Some time ago I wrote about performance problems when doing high -j
build.sh and made few remarks about mutex implementation.
TL;DR for that one was mostly that cas returns the found value, so
explicit re-reads can be avoided. There are also avoidable explicit
barriers (yes, I know about the old Opteron errata).

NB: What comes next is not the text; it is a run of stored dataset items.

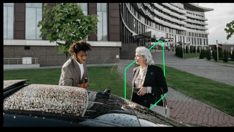
People Management Manage your traveller profiles in real-time with PRISM's personalised user experience, including a new and improved onboarding flow.

Optimise your travel programme with PRISM's comprehensive and agile travel management features, including an easy to use travel policy builder to ensure seamless compliance and passenger satisfaction.
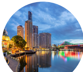
DISCOVER ILSC BRISBANE
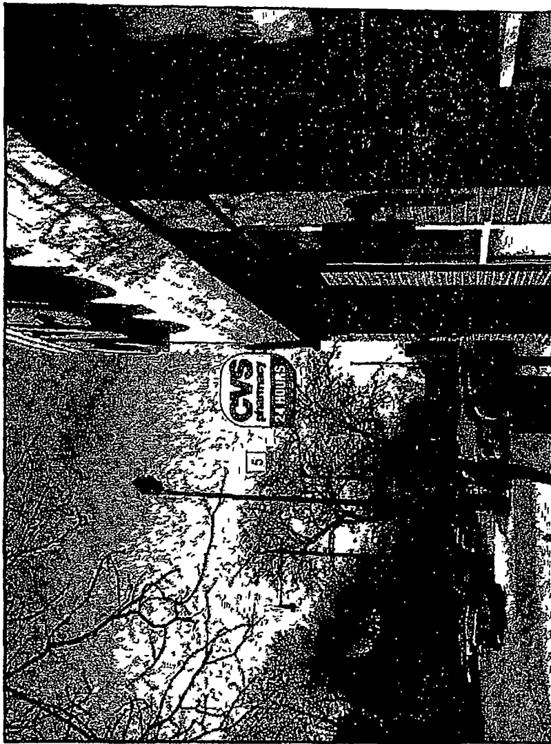
Proposed Signage Elevation

ACCOUNTS/CVS pharmacy locations 2015P roject 75115836 Chicago IL cdr
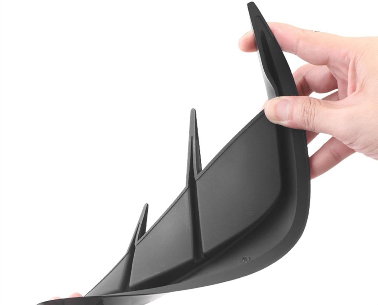
Image 3.2: A hand demonstrating the flexibility of the emblem sticker, showcasing its soft and adaptable material.
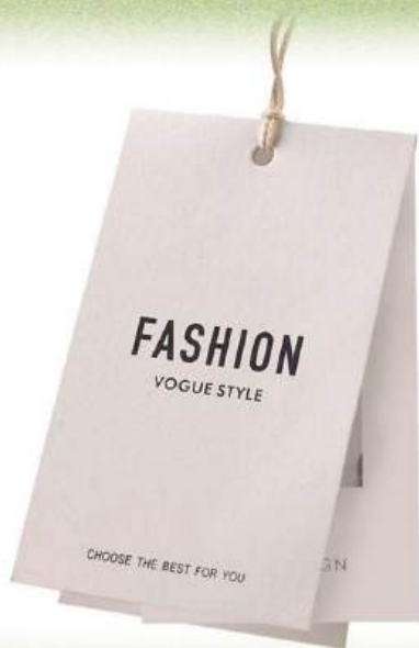
Hang Tags – Folded
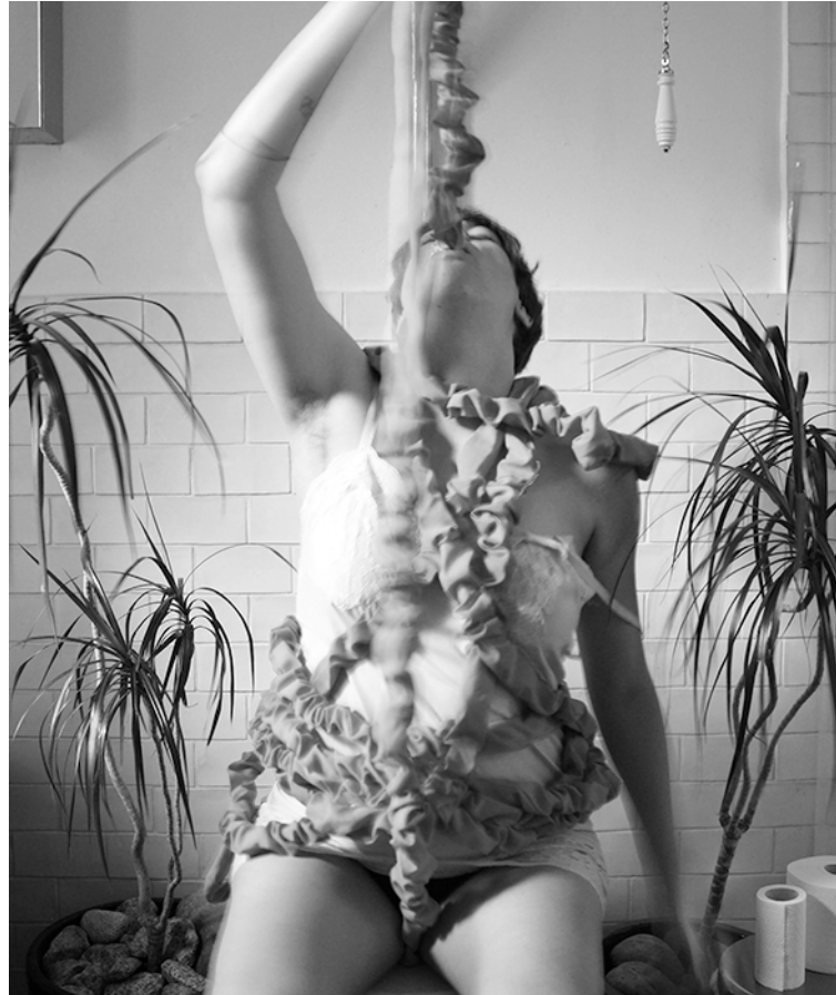
Slave to the Rhythm 2018 Inkjet – Edition of 3 14 x 16.6cm
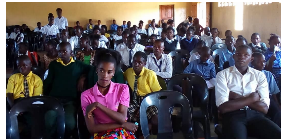
Part of the audience at the Fair
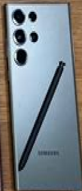
Galaxy S23 Ultra
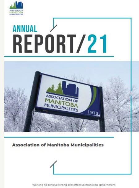
Click photo to view 2020-2021 Annual Report
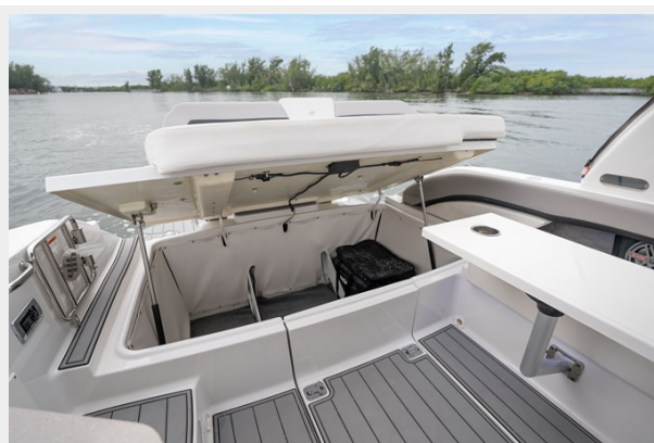
24. h290 trunk
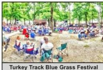
Turkey Track Blue Grass Festival

Shows Start at 1:00 PM and 6:30 PM Except Wed. - First Show at 6:30 PM
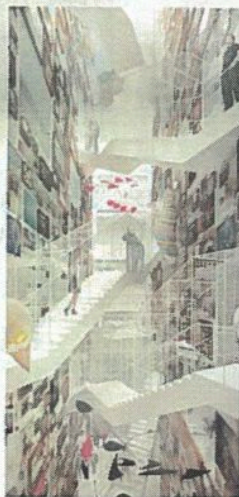
Renderings of the exterior (top) and interior of the Boijmans Museum's planned Public Art Depot
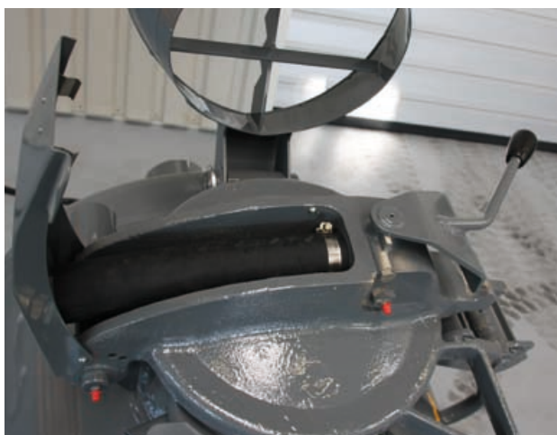
The mixing vessel vent is large, easy to operate and works reliably.
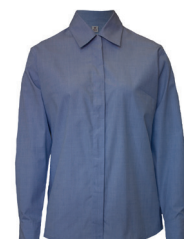
Blouse Long Sleeve
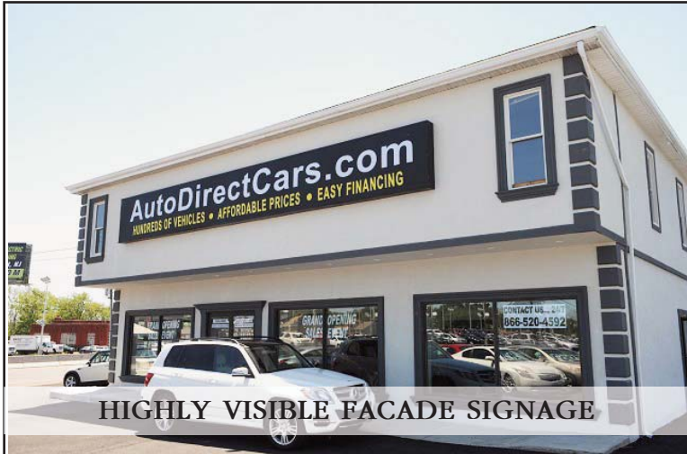
HIGHLY VISIBLE FACADE SIGNAGE
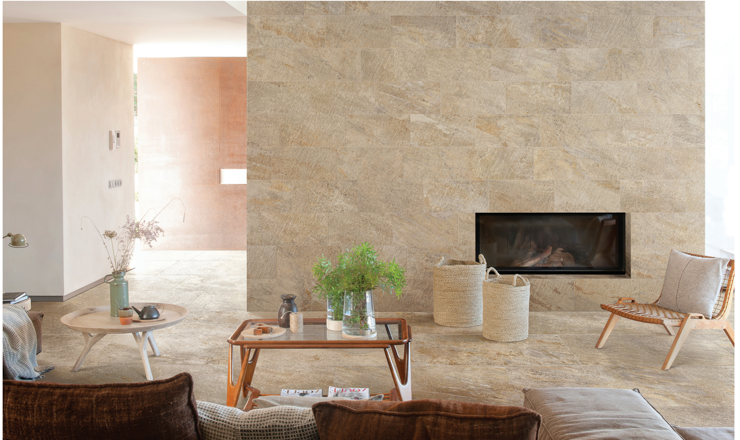
12" x 24" | 24" x 48" Field Tile in Oro
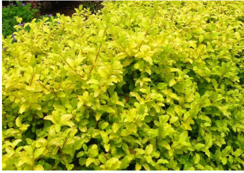
Ligustrum sinense 'Sunshine' PP20379
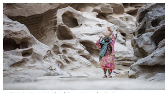
Qeshm Island UNESCO Global Geopark

(G-WADI) and the International Drought Initiative (IDI). UNESCO contributes to improve eco-system conservation and management through its "Man and Biosphere" (MAB) programme. There are currently 13 UNESCO Biosphere Reserves and 1 UNESCO Geopark in Iran. UNESCO is fully involved in the maintenance and rehabilitation of sustainable and historical underground water systems like the Qanats or Karez in the cluster countries.
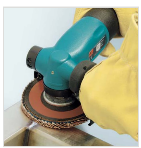
All models include powerful 1.3 hp air motor running at 12,000 or 13,500 RPM.
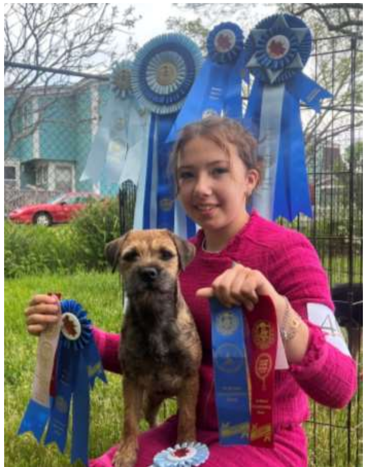
Best Junior Handler
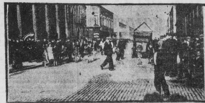
BELFAST .- 20,000 unemployed demonstrated against the cutting off of relief and demanded more food. They fought the police of Northern Ireland and were only subdued by bringing in regiments of the British army.
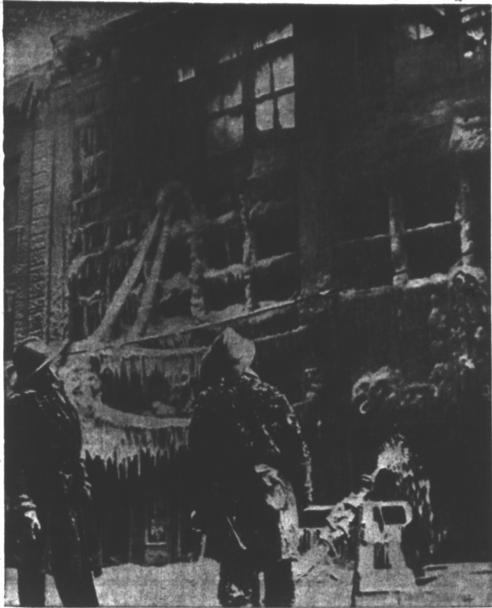
FIRE FIGHTING EFFORTS LEAVE ICE COVERING

Free Democrats would be serious, but not necessarily fatal. Under the West German constitution he could go on ruling with a minority government until the election. The chancellor, caught between domestic politics and world opinion, has avoided getting too closely identified with one side or the other in the Nazi murderers dispute. He said last summer he would consider it monstrous if any Nazi murderers got off free. But in November he and his cabinet decided
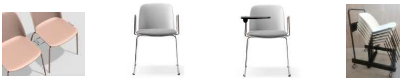
Folding union hook
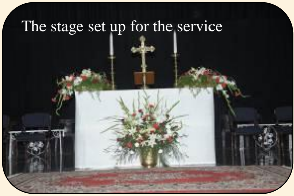
The stage set up for the service
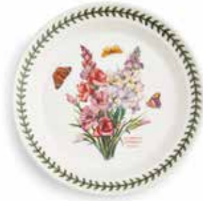
Plate Gladiolus 20cm/8" BGLO05072
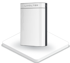
Residential Lithium Battery
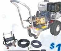
HONDA 4200 PSI JETTER
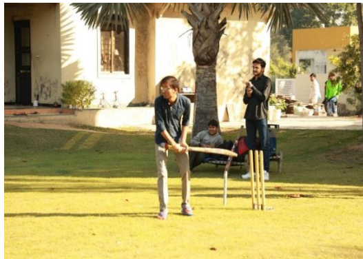
Figure 4(a) Natural scenario to elaborate blind

I had another look and have a remark definitely worth looking at (and
easy to fix). Unfortunately I lost my test jig so can't benchmark.
That said, here it is:
After it is is concluded that lock owner sleeps:
ts = turnstile_lookup(mtx);
/*
* Once we have the turnstile chain interlock, mark the
* mutex has having waiters. If that fails, spin again:
* chances are that the mutex has been released.
*/
if (!MUTEX_SET_WAITERS(mtx, owner)) {
turnstile_exit(mtx);
owner = mtx->mtx_owner;
continue;
}
Note that the lock apart from being free, can be:
1. owned by the same owner, which is now running
In this case the bit is set spuriously and triggers slow path
unlock.
2. owned by a different owner, which is NOT running
Assuming the owner still has the lock and is not running after
turnstile_exit, this causes extra trip.
That said, proposed change is trivial and follows what FreeBSD is doing:
re-read and abort sleep unless the lock is owned by an off-cpu thread.
Note there is a minor optimisation of not setting the bit if already
seen.
That said, the minimal fix would look like this (untested):
ts = turnstile_lookup(mtx);
owner = mtx->mtx_owner;
if (mutex_oncpu(owner) || !MUTEX_SET_WAITERS(mtx, owner))
turnstile_exit(mtx);
owner = mtx->mtx_owner;
continue;
}
If value from cas was to be preserved it would definitely make sense
to re-test failed MUTEX_SET_WAITERS while still holding the turnstile lock.
It looks like rw locks can use a similar treatment.
Fun fact is that implementation on Illumos behaves worse in this regard:
it sets the waiters bit regardless *who* owns the lock (or whether they
are running), but then only goes to sleep if the *original* owner has
the lock.
--